··· RECORDS TO USE ···
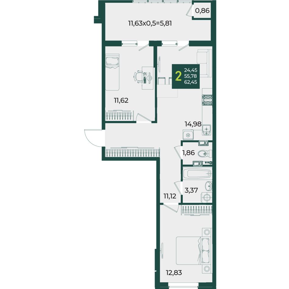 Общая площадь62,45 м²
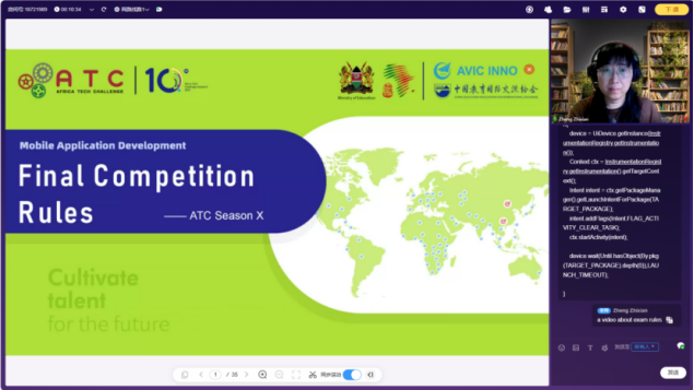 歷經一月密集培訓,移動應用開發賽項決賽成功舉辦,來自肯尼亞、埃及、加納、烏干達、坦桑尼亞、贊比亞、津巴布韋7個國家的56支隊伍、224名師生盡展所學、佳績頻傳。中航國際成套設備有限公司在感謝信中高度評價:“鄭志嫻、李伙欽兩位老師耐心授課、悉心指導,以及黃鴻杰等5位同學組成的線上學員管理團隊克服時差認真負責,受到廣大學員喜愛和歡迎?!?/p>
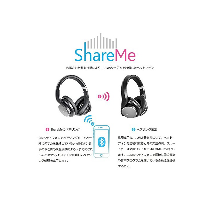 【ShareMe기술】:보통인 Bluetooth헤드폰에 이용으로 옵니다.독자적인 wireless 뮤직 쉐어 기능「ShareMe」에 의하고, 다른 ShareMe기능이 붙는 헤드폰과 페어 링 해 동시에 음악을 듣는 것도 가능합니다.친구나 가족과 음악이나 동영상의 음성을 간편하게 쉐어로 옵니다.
···
··· RECORDS TO USE ···
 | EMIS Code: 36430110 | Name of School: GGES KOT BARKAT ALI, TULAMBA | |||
···
Although the records above contain pictures, the copy must not; set down exactly the lines from the one with "Общая площадь62,45 м²" up to and including the one with "歷經一月密集培訓,移動應用開".

■ EXPECTED ANSWER ■
 Общая площадь62,45 м²
 歷經一月密集培訓,移動應用開發賽項決賽成功舉辦,來自肯尼亞、埃及、加納、烏干達、坦桑尼亞、贊比亞、津巴布韋7個國家的56支隊伍、224名師生盡展所學、佳績頻傳。中航國際成套設備有限公司在感謝信中高度評價:“鄭志嫻、李伙欽兩位老師耐心授課、悉心指導,以及黃鴻杰等5位同學組成的線上學員管理團隊克服時差認真負責,受到廣大學員喜愛和歡迎?!?/p>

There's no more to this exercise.